The Evolution of Peer-to-peer Lending Industry

Started in the UK and US in 2005-2006, peer-to-peer lending industry has since grown to many countries over the last decade, with the fastest growth in China. P2P lending is also known as crowdlending in Europe or marketplace lending in North America, but these terms all refer to the same phenomenon – “crowd lending” or “social lending”. P2P lending platforms enable interactions between the borrowers and lenders side of the funding process. To create a well-functioning marketplace, the two most essential jobs for platforms are to recruit borrowers and lenders and to set the rules and terms of engagement. Besides market-making, key functions also include loan processing and activities contributing to building a community.

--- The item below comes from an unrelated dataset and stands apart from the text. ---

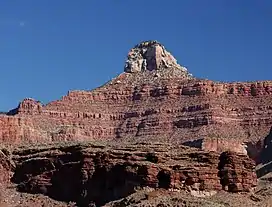 Buddha Temple is a 7,212-foot-elevation (2,198-meter) summit located in the Grand Canyon, in Coconino County of northern Arizona, in the Southwestern United States.[3] It is situated 6.5 miles (10.5 km) due north of the Mather Point overlook on the canyon's South Rim, and four miles southwest of the North Rim's Bright Angel Point. Topographic relief is significant as it rises over 3,800 feet (1,200 meters) in two miles above Bright Angel Canyon to the east, and 3,000 feet in less than one mile above Haunted Canyon to the immediate west. Its neighbors include Manu Temple 1.5 miles (2.4 km) to the northeast, Isis Temple 2.3 miles to the southwest, Zoroaster Temple 3.8 miles to the southeast, and Deva Temple, 3.5 miles to the east. Buddha Temple was named by Henry Gannett, a geographer for Clarence Dutton, in following Dutton's practice of naming features in the Grand Canyon after mythological deities, in this case Buddha.[4][5] This geographical feature's name was officially adopted in 1906 by the U.S. Board on Geographic Names.[3] The first ascent of this butte was made in 1973 by Bruce Grubbs, Chauncey Parker, and Mark Brown via the Northwest Arete.[6] According to the Köppen climate classification system, Buddha Temple is located in a Cold semi-arid climate zone.[7]

The P2P lending industry is unique. Its special feature is that both lenders and borrowers profited from the business relations. The borrower gets the needed money securely or services in time, and at the same time, investors/lenders who invest money into the P2P platform, gain real profit from the financial turnover and attractive annual fee. It is safe to say that no existing bank will provide you with such profit apart from investing money into the P2P platform.

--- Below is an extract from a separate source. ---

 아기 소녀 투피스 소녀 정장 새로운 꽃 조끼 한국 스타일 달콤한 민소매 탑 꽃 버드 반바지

Traditionally, the main sources of income for platforms in peer-to-peer lending are origination fees charged to the borrower, repayment fees charged to the lender, or other fees like loan part trading and late fees. How a P2P lending platform earns revenue depends largely on the business model of the platform and how the investment is structured. Over the last decade, P2P lending platforms have evolved from a handful of start-ups to a flourishing multi-billion-dollar industry.

Despite the benefits that P2P lending provides and the projections of experts that the industry would grow on to reach trillion-dollar industry, P2P lending is still far from realizing its goals as mainstream financial resources. In fact, the sector has been fraught with issues of default rates, frauds, and regulatory issues and recorded as high as more than 10% in online P2P lending alone, due to frauds.

This is where blockchain can help make processes more secure and reliable, given its distributed ledger technology. Blockchain can usher in a new era of financial transparency and reward the best behavior. Blockchain allows two parties to record their transactions in an efficient, immutable, and verifiable manner. It provides a strong barrier against unauthorized access which helps manifold in preventing fraud; one of the biggest issues threatening the rapid growth and expansion of the P2P lending industry. By putting their digital assets such as financial data and contracts on blockchain, P2P lending platforms can curb the issues of fraud and identity theft while restoring transparency between borrowers and lenders, as well as the platforms. Since 2019, major banks and financial services are starting to adopt blockchain technology in a variety of way, including building a global payment network.